My wife and I have just retired; we’re thinking about getting a new car, but we can’t agree on whether to buy or lease. Is one option better than the other? What are the pros and cons? Is one less expensive than the other?
By Olev Edur
As to which is better, that’s as much a matter of preference as of money. Some people simply prefer to drive new or almost new cars, regardless of the costs involved, and so they’ll either lease their cars or buy and replace them every few years. In this case, the cost comparison could go either way and would depend on lease cost versus purchase price, trade-in versus buy-back (or, residual) value, and how long the lease lasts versus how long you own the car before replacing it.
However, if you want the less expensive option, then buying a car and holding onto it for as long as possible is almost certainly the way to go.
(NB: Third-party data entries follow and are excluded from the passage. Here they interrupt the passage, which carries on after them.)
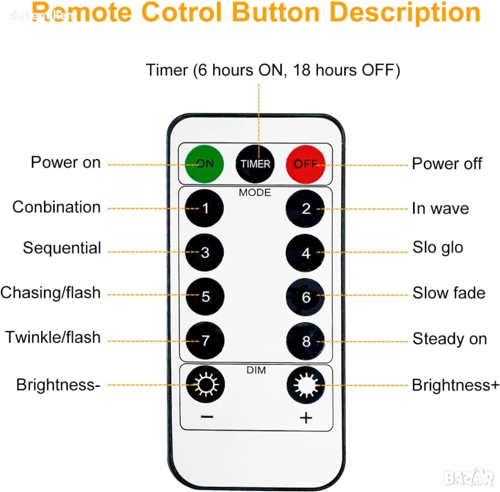 8 режима на светене – вълнообразно, премигване, плавна смяна, постоянна светлина и др.
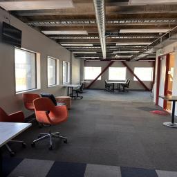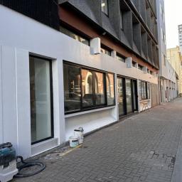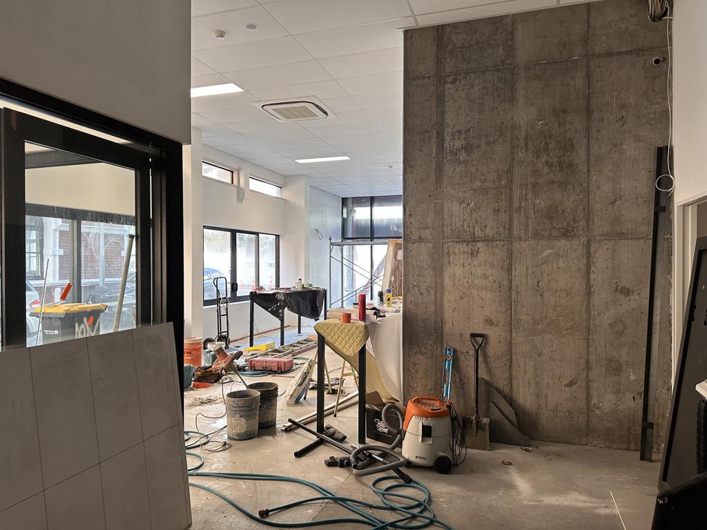 Modern retail space on the ground floor of 170m2* with large windows on two sides for added exposure and good natural light. Includes a separate glassed in office, amenities and storage areas.
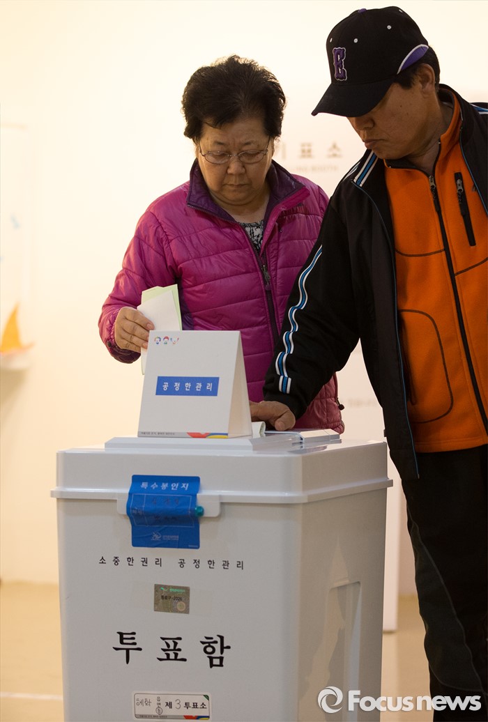 (서울=포커스뉴스) 2016 제20대 국회의원선거날인 13일 오전 서울 종로구 동성고등학교 백주년기념관에 설치된 투표소에서 유권자들이 투표를 하고 있다.
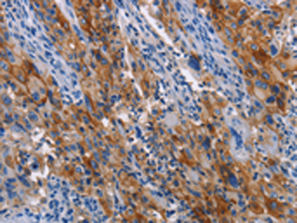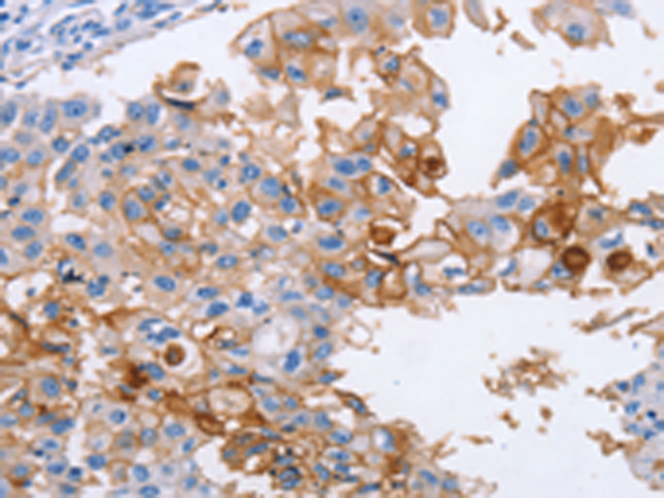 The image is immunohistochemistry of paraffin-embedded Human lung cancer tissue using P11645(ICAM1 Antibody) at dilution 1/40. (Original magnification: ×200) |
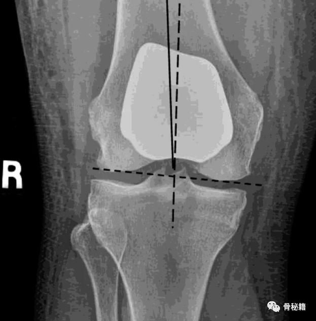 PFA 股骨组件与股骨远端关节线(虚线)对齐,而不与股骨轴线(实线)对齐
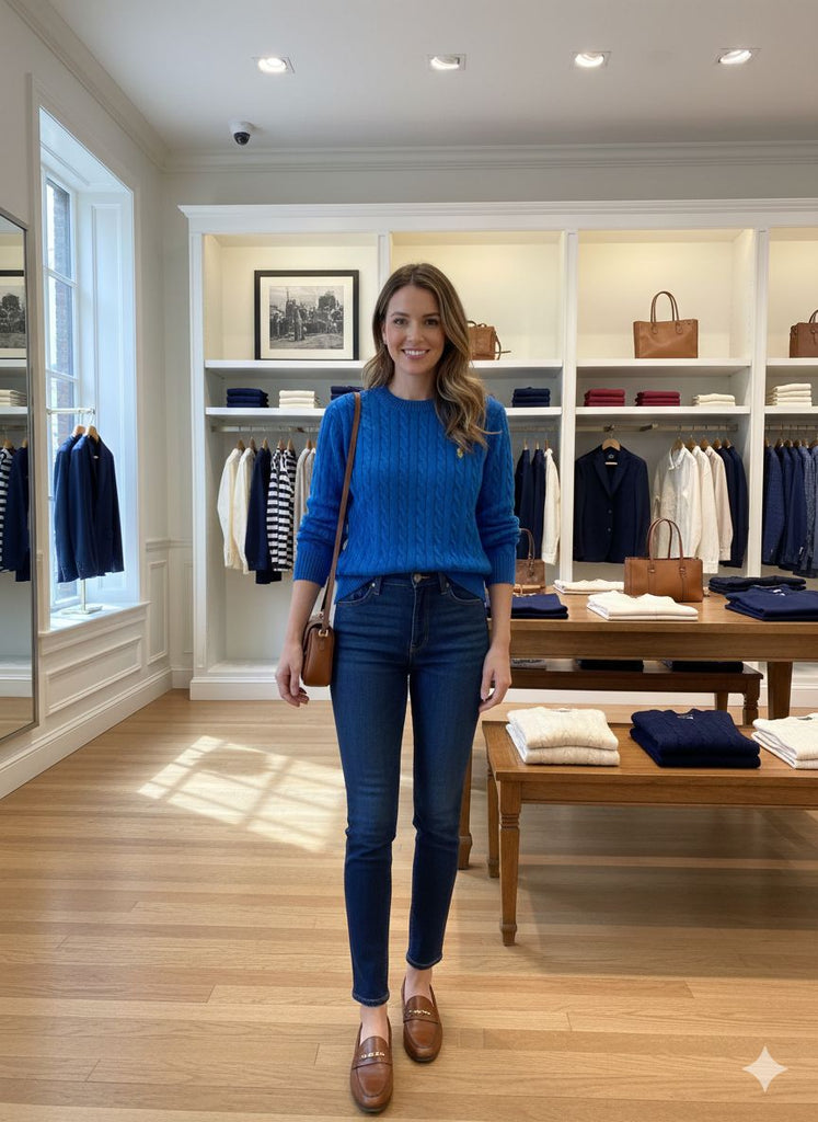 Elegant Premium Blue Classic Cable Knit Women Jumper

The actual dollars-and-cents equation depends on a number of factors— primarily the reliability of the vehicle purchased. This depends on the make and model of the vehicle, as well as on maintenance history, driving habits, and driving conditions. (Road salt, for example, or excessive sand and dust can reduce a car’s lifespan.)
In general, though, it’s fairly easy to see why “buy and hold” is less costly than leasing. According to edmunds.com, a California-based automotive research firm, the residual value on a three-year lease tends to be around 50 per cent of the purchase price; that means that in three years, you’ll have paid for more than half the cost of the vehicle (given that the lessor certainly will want to have made a profit on the transaction). If you then take out a new lease, you start paying that amount again.
In other words, you’ll be paying more than half the value of a new car every three years, which means that over two lease terms, you’ll have paid more than the full cost of a new car. (Some leases run four years or even longer, but then the residual value will be lower, so the overall equation doesn’t change that much.)
When you buy and hold, however, you pay the full price of the car once and that’s it for the lifetime of the vehicle. And these days, cars are lasting longer than ever. According to DesRosiers Automotive Consultants in Richmond Hill, Ont., Canadians keep a vehicle for an average of nine years, but more than 50 per cent of the vehicles on our roads survive 15 years of ownership, up from only one-third in 2000. After 15 years of leasing, you’ll have paid for the equivalent of two and a half cars.
It’s true that if you keep a car for 15 years, you’re going to have ongoing repair and maintenance costs to consider, but if you choose a vehicle with a good record of reliability and maintain it properly, the total cost will still be significantly less than if you lease and replace every few years.